## TASK DESCRIPTION
In the records below, find the line containing "Nous vous proposons" and return it together with every later line, exactly as written; pictures are to be omitted.

## DATA FOR REVIEW
-=-=-=-=-

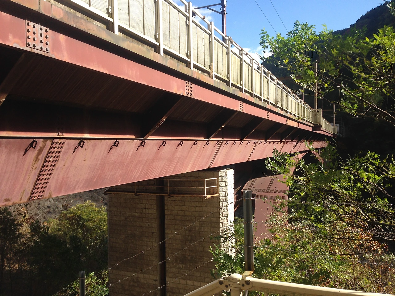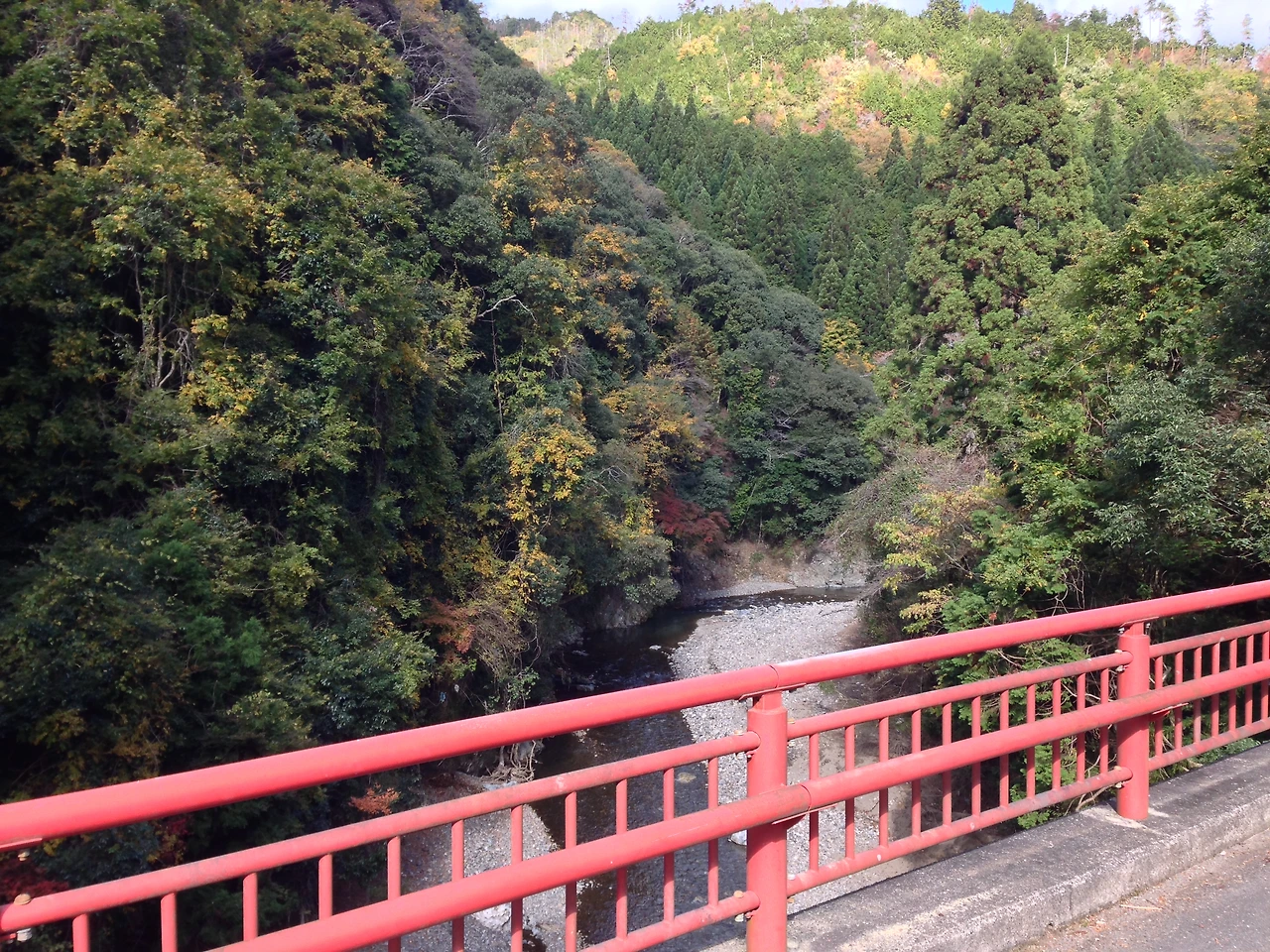 짧은 터널을 통과한 길목에서 냇물 위로 붉은 난간이 보였다. 나는 그곳에서 토시상에게 사진 한 장을 부탁했다.
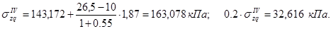 Ширина фундамента bусл=2м., длинна фундамента lусл=4м., глубина заложения d=7,4 м., среднее давление под подошвой P= 297,629кПа, η=2, принимаем η=2,4 (рис. 7).
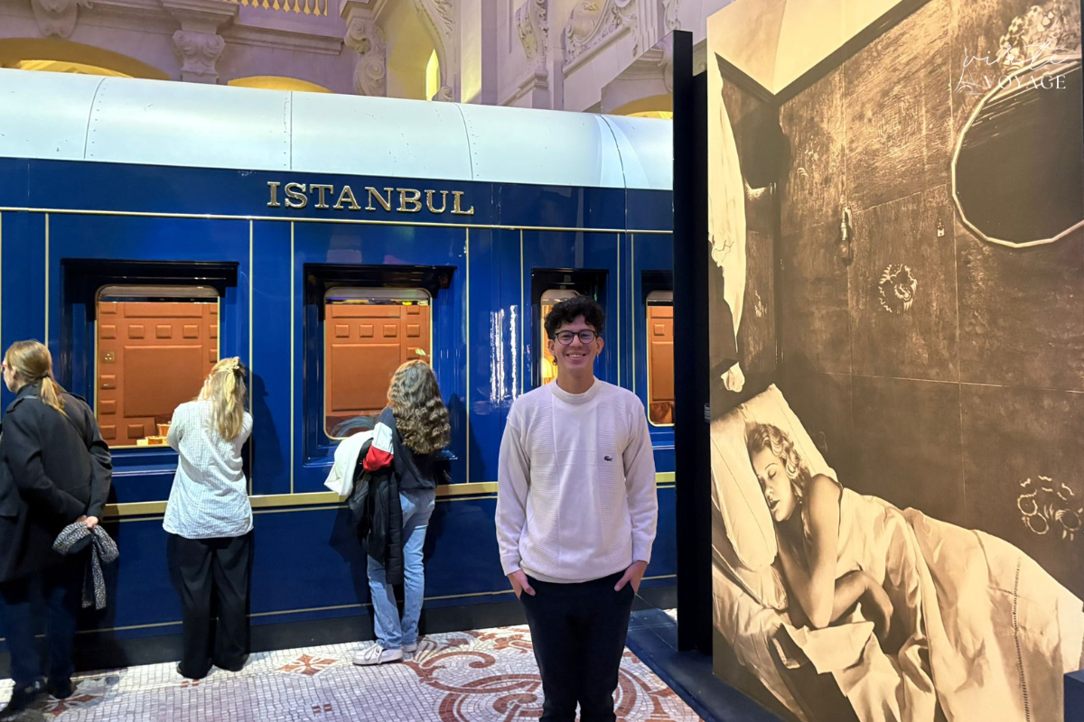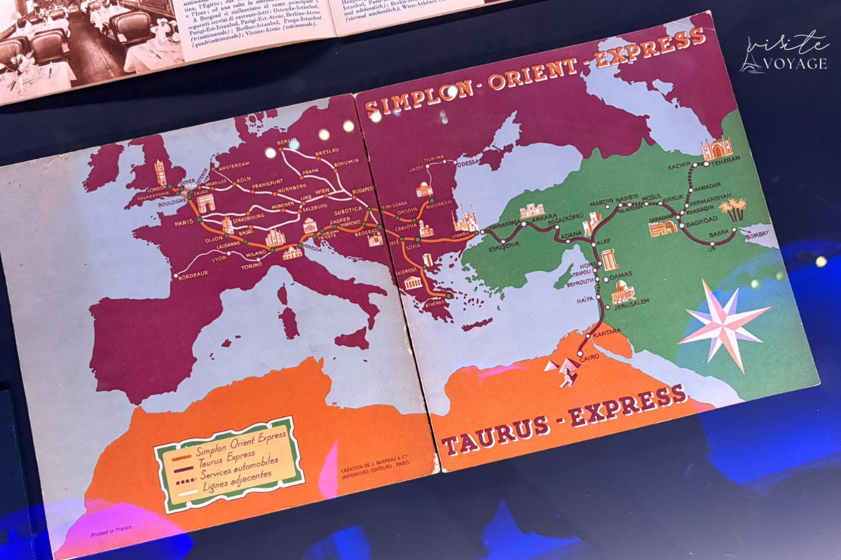 Outra peça linda da exposição é o mapa do trajeto histórico do Orient Express pela Europa. Ele mostra as rotas conectando Paris, Viena, Budapeste, Bucareste e Istambul — atravessando fronteiras, culturas e paisagens. O mapa reforça algo muito forte: esse trem sempre foi sobre conexão. Conexão entre países, histórias, pessoas e mundos diferentes. E isso me fez pensar muito sobre o turismo que eu quero fazer e promover com a Visite Voyage.
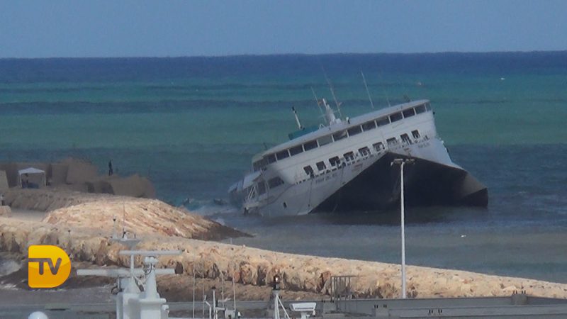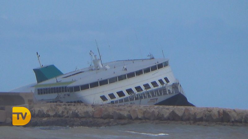 Con el temporal sufrido esta noche el ferry de Baleària se ha escorado contra la escollera, y parece que se este hundido, aunque de momento no es así. Golpeado y encajado en las piedras, el barco ha cambiado su imagen y su perspectiva, hundiéndose más de estribor.
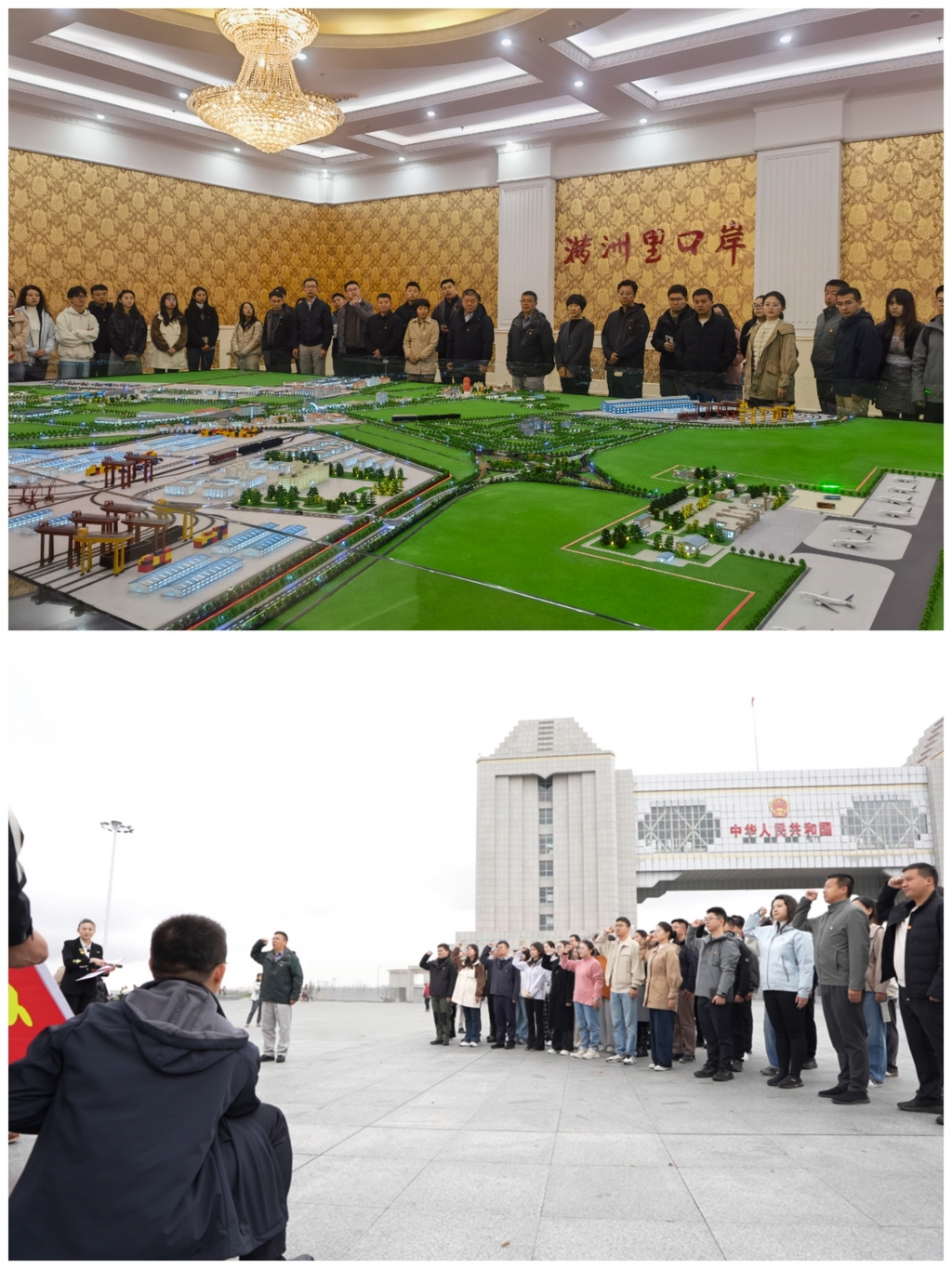 在中国最大陆路口岸——满洲里口岸,外交青年们走进口岸联检大楼,来到边民互市贸易区主要产品陈列区,了解口岸基础设施建设及互贸区运行情况,并在中共六大纪念馆前,集体重温入党誓词。
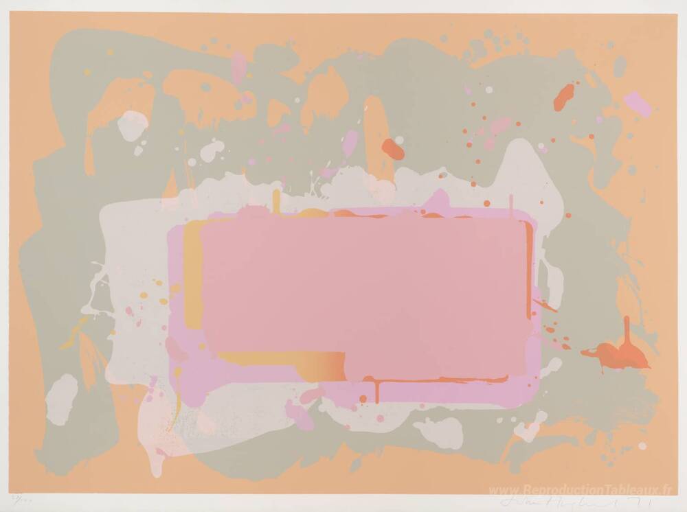 Nous vous proposons une reproduction artisanale sur toile du célèbre tableau 'Jaune et rose' de John Hoyland, provenant du Musée de la Reproduction.
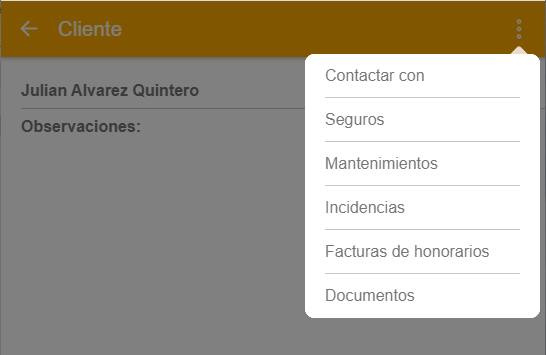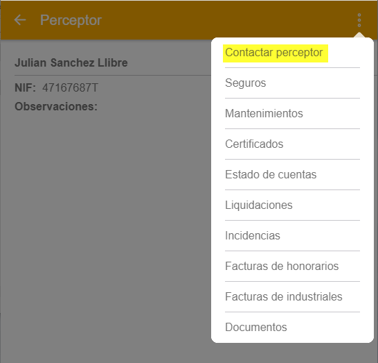 Desde la parte superior de la ficha de la referencia, puede abrir un menú de opciones relacionadas con ella. Estas opciones son sensiblemente diferentes dependiendo de si se trata de una comunidad o macrocomunidad de propietarios, un arrendador, un perceptor de reparto o un cliente.

-=-=-=-=-

## RESULT OF THIS TASK
 Nous vous proposons une reproduction artisanale sur toile du célèbre tableau 'Jaune et rose' de John Hoyland, provenant du Musée de la Reproduction.
 Desde la parte superior de la ficha de la referencia, puede abrir un menú de opciones relacionadas con ella. Estas opciones son sensiblemente diferentes dependiendo de si se trata de una comunidad o macrocomunidad de propietarios, un arrendador, un perceptor de reparto o un cliente.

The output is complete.